Task brief » Beginning at the line that contains "Бумага упаковочная новогодняя", reproduce the entries below exactly, ending with the line that contains "Tralee; County of". Omit each picture.
Data for the task: Begin
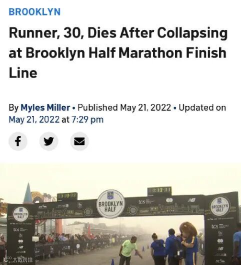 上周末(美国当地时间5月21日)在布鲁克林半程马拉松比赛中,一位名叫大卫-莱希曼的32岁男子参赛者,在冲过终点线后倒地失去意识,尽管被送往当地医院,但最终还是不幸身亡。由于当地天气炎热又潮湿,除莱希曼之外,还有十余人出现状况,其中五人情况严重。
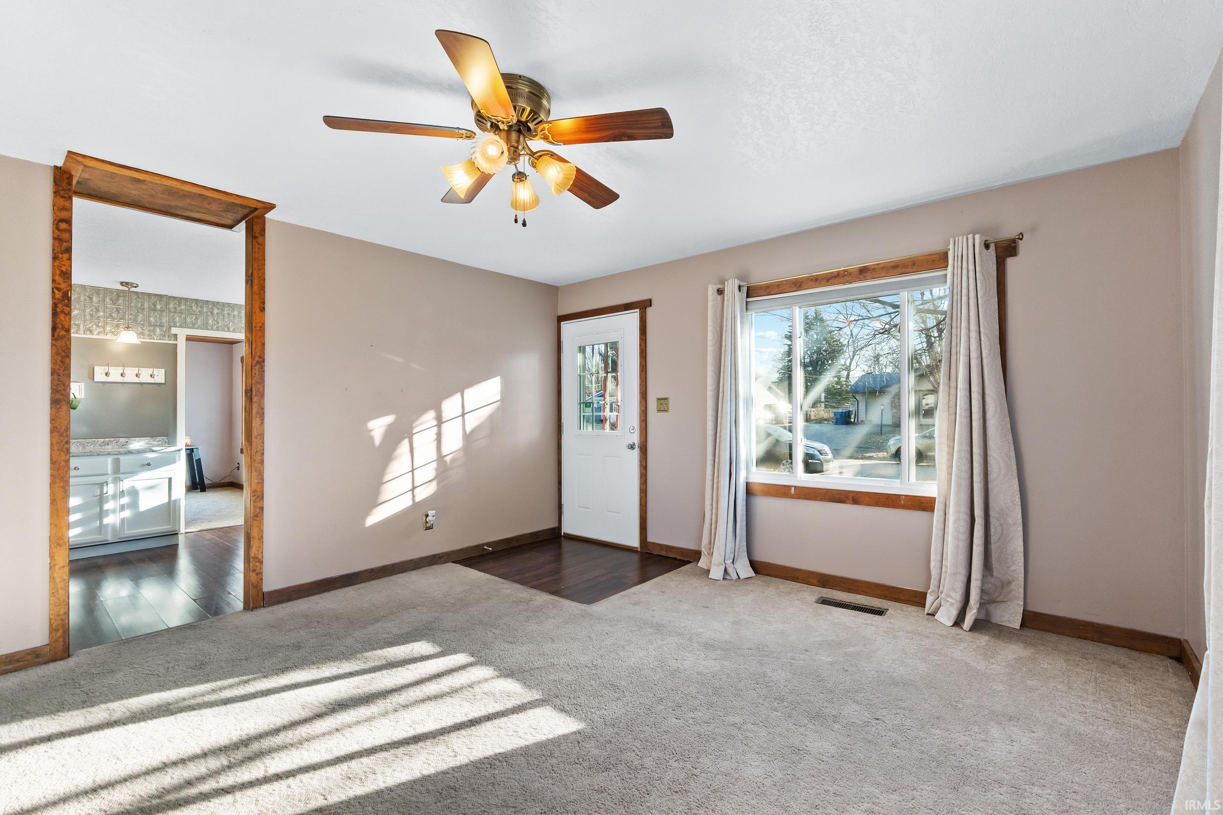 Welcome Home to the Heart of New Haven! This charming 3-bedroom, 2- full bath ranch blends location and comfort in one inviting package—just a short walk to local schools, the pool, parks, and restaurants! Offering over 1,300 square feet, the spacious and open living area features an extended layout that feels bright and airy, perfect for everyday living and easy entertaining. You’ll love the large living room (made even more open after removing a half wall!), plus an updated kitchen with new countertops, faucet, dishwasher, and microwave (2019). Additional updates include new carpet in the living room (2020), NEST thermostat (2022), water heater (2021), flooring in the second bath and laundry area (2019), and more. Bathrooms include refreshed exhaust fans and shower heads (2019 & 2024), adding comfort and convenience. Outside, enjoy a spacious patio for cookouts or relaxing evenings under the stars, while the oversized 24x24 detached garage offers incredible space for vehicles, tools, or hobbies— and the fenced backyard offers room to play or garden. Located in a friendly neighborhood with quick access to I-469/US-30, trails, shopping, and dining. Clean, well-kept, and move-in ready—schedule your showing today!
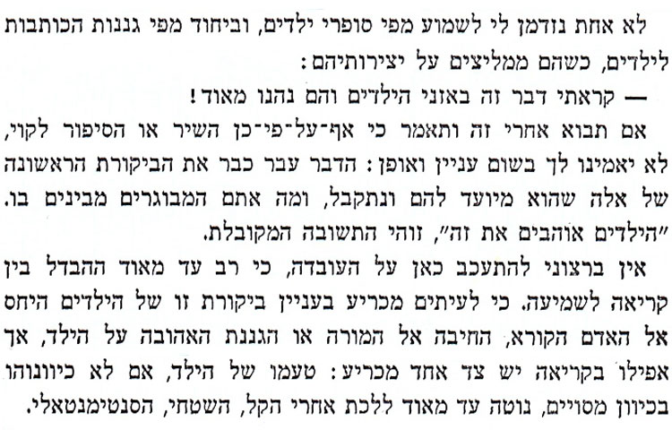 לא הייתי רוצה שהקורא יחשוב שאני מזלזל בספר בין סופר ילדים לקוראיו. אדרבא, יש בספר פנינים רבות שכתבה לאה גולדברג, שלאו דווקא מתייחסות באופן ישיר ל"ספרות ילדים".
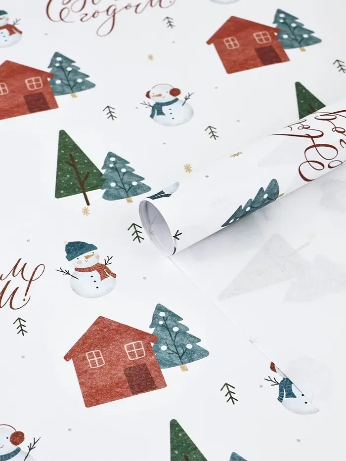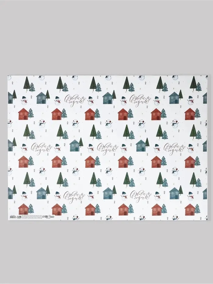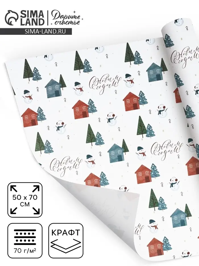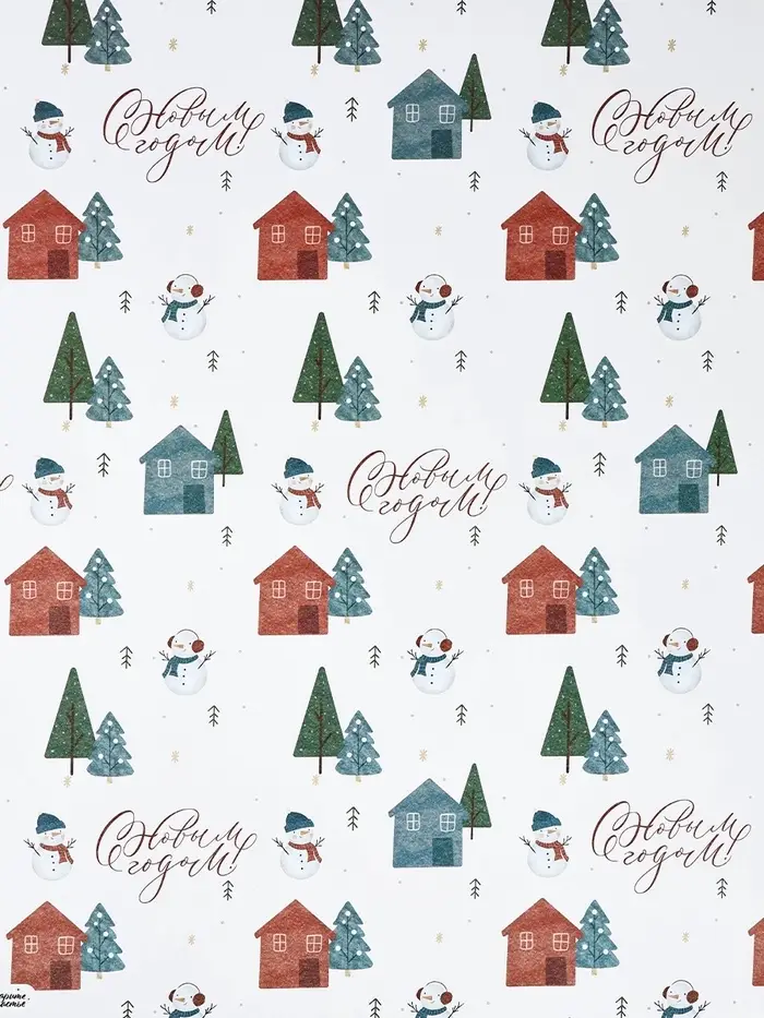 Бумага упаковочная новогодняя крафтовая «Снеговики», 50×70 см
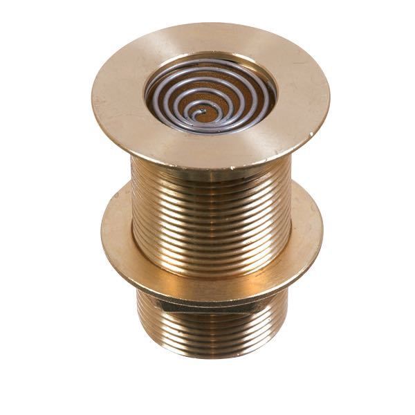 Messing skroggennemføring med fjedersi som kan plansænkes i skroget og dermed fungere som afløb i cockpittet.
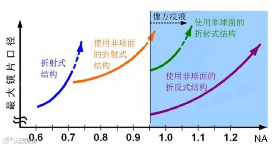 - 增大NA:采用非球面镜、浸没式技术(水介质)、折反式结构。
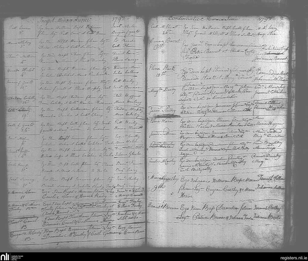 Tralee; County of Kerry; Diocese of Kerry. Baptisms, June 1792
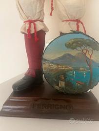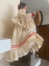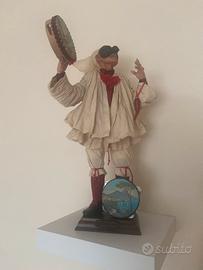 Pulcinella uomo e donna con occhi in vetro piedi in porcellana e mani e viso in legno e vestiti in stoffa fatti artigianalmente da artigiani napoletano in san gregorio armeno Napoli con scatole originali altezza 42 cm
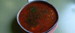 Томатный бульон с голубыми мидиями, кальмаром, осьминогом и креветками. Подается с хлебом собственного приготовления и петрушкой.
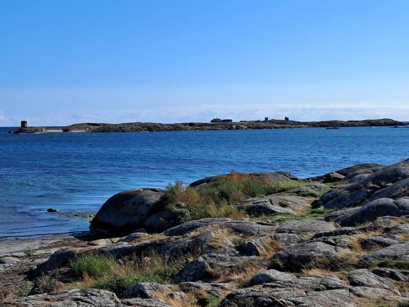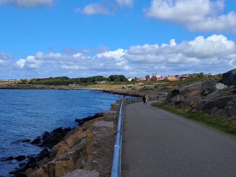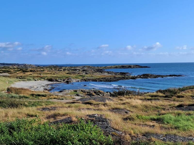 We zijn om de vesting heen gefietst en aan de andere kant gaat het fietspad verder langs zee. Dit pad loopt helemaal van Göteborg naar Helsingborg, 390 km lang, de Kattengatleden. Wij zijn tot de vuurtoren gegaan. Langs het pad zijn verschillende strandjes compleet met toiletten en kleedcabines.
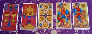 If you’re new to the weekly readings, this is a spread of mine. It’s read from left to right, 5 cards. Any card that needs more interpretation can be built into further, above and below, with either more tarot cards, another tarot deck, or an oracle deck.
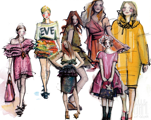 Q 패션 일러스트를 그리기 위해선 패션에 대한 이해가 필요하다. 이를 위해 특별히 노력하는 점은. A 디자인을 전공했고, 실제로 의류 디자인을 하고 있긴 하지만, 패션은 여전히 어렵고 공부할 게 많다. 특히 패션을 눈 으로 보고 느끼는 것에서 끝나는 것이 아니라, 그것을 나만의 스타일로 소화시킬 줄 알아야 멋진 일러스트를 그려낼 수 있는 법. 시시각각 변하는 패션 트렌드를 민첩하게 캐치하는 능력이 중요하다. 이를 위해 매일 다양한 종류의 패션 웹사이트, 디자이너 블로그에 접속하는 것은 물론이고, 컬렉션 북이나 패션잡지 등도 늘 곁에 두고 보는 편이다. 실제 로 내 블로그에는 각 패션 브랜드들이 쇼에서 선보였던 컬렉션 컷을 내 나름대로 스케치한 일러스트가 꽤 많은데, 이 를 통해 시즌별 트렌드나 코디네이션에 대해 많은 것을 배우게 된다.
Data for the task: End
Problem solution »
 Бумага упаковочная новогодняя крафтовая «Снеговики», 50×70 см
 Messing skroggennemføring med fjedersi som kan plansænkes i skroget og dermed fungere som afløb i cockpittet.
 - 增大NA:采用非球面镜、浸没式技术(水介质)、折反式结构。
 Tralee; County of Kerry; Diocese of Kerry. Baptisms, June 1792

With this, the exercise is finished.